A ella le encantaban sus ojos negros y sus largas pestañas. A él le encantaba toda ella. Estaban a punto de besarse, cuando Andrea se hizo hacia atrás.

—Disculpa, doctor, pero un beso en la lluvia es un trillado cliché.

Él sonrió.

—No me importa, ¿y a usted? —le preguntó.

—No, a mí tampoco —replicó y lo besó.

No se lo habían dicho a nadie aún. Durante las semanas que el proyecto estuvo en pausa, todos los integrantes del área científica contaron con un inusitado tiempo libre. Andrea y Juan José aprovecharon para tomar vacaciones de sus trabajos oficiales para ir a celebrar las fiestas a la ciudad capital, en la que residía la familia de Andrea.
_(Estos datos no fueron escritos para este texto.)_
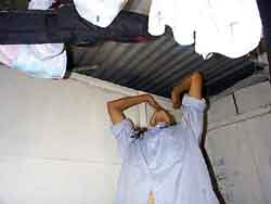 k日記ニカラグア編 99.12.17(金) 昨夜遅く蚊の大量発生に目を覚ましたうめちん。いつも、私ばかり食われるのに昨日は、めずらしくうめちんばかりを食べていた。私がいつも蚊、蚊と騒いでいると眠そうな声で「なにやってんの夜中に」といつも冷たく言い放っていたのに、私の気持ちがわかったらしく、「憎き蚊め」とか言って蚊取り線香を炊き、ばしばしと蚊を叩きつぶしていた。 雨が降ってる。ピトン、ピトンとビニールに水が落ちる音がする。何処かで音がする。耳を澄まし音のする方に目を凝らす・・・な、なんと私のバックパックの上に雨が漏っている!!急いで、バックをどけるが、後の祭り。底の底までびっしょり濡れていた。全部干しては見たがこの湿気では、いつ乾くか見当がつかない。雨漏りのため狭い部屋が一段と狭くなった。 スコールのように降っては突然やんだりする。気まぐれな天気だった。ちょっとやんだすきに散歩に出る。航空会社のオフィスで帰りの飛行機の予約を取り、車が走る滑走路を現地人と一緒に散歩。途中で雨が降ってくる。近くの商店の軒先で雨宿りをしていると一台のマイクロバスがすーっと止まった。「これに乗ればホテルに帰れるよ」とうめちんがなぜだか言張るので、それに乗ることに。 ぶーーんと走り出したバスは、私達の心とは裏腹にホテルとは逆の山の方へとどんどん走って行く。本当に着くかなぁ?と思いつつ車窓を楽しむ。この島は、結構大きい。緑の熱帯植物が生い茂り、メインロードを1歩脇にそれるともうジャングルだった。コバルトブルーに白い砂浜、後ろを振り返るともうジャングルといった具合の言うなれば無人島のような感じがする。これで晴れていれば・・・と心の底から思うのであった。バスは、島を一周する道路をひたすらぐるぐる廻っているだけだった。でも、安い料金でぐるっと一周できてしまって都合が良かった。 雨なので何をしようか?と考えたが、何もする気が起きない。うめちんは、小雨の中釣りに出かけて行った。私は・・・と考えてるうちに寝てしまった。 扉を叩く音で目がさめる。うめちんが興奮して帰って来た。なんでも、船着場で釣りをやっていたのだが、すぐ目の前を大きなエイがゆらゆら泳いで行ったとか、大きなカジキが水面をはねたとか、目がうっとりして残像を楽しんでいるかのように夢のような話しを語っていた。で、当の本人は?と聞くと全然釣れなかったのだそうだ。でも、がっかりはしていないみたいだ。カジキやエイの方が心を占める割合が大きかったのだろう。 夕方になると雨がやんだ。豚の散歩が宿の前を通り、犬はタクシーが通るたびに吠える。昨日とまったく同じ風景を見ながらビール片手にのほほんとする。夕闇が迫り、そうして島の一日は終わりを告げようとしていた。 |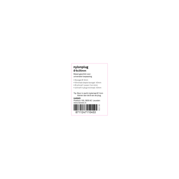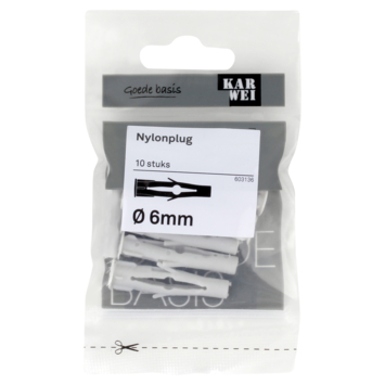 De KARWEI nylonplug Ø 6mm is voor meerdere materialen te gebruiken De plug is zowel geschikt voor beton, massieve als geperforeerde steen, en ook voor holle wanden. De kop van de plug wordt namelijk door de schroef naar achteren getrokken en vormt in holle bouwmaterialen een soort knoop. Een handige plug dus om op voorraad te hebben, zodat je altijd een geschikte plug in huis hebt. De plug is 35mm lang, voor het beste resultaat adviseren wij een minimale boordiepte te hanteren van 40mm . Een verpakking bevat 10 pluggen. Deze plug is geschikt voor schroeven tussen 3 en 4mm met een minimale lengte van 40mm

Cuando supuestamente ella había muerto, habló con su madre desde la clínica secreta de la doctora Sayas y le dijo la verdad. En cuanto se reunió con sus parientes, todos querían interrogarla sobre el asunto, pero nunca pudo decirles demasiado. No era la primera vez que guardaba un secreto de semejante tamaño: cuando le diagnosticaron la leucemia que la llevó a ser sujeto experimental del doctor Di Maggio no fue capaz de decírselo a nadie en su hogar.

Andrea disfrutaba mucho cuando estaba en casa. Juan José se mostró tímido al principio, pero en cuanto todas las partes entraron en confianza, era uno más. Miguel Aster había aprovechado que su prima iría a su hogar para viajar con ella y con su novio, para pasar la navidad con la familia. Ahora el chico se veía siempre nervioso, pero no le contó a nadie por qué. Ni siquiera Andrea conocía su última y definitiva participación como doble agente.

La víspera del año nuevo celebraron una gran cena. La joven con ojos color avellana llevaba puesto un vestido verde de satín y usaba los magníficos broqueles de esmeraldas que habían sido un obsequio del mismísimo Giorgio Di Maggio durante la primera navidad que ambos pasaron juntos sin sus familias en la ciudad cede de la OINDAH, cuando el doctor recién había fallecido.

Esa noche, los Martínez Aster y sus invitados congregados en torno a la mesa, dieron las gracias y recibieron el año entre besos y abrazos. Después Juan José pidió la palabra.

—Estimados amigos, les agradezco que me hayan acogido con tanta calidez, como mi querida Andrea. Como ustedes saben ella y yo nos conocemos desde hace varios años, desde que éramos discípulos del Doctor Di Maggio, que en paz descanse.

La investigadora lo veía sonriente y desconcertada.

El joven doctor respiró profundamente.

—Quiero decirle que los meses que hemos estado juntos he sido muy feliz, y espero que usted también —comentó dirigiéndose a ella—. Con el permiso de sus padres como me enseñaron los míos, quiero preguntarle si aceptaría tener un compromiso formal con un servidor, y si usted quisiera, algún día hacerme el honor de permitirme pedirle que se case conmigo.

Los ojos de la Andrea brillaban más que las finas piedras que adornaban sus orejas.

—Aceptaré con una condición, Doctor —afirmó conteniéndose. —Que me dejes de hablar de usted —exclamó y su sonrisa se desplegó bellamente sobre su cara.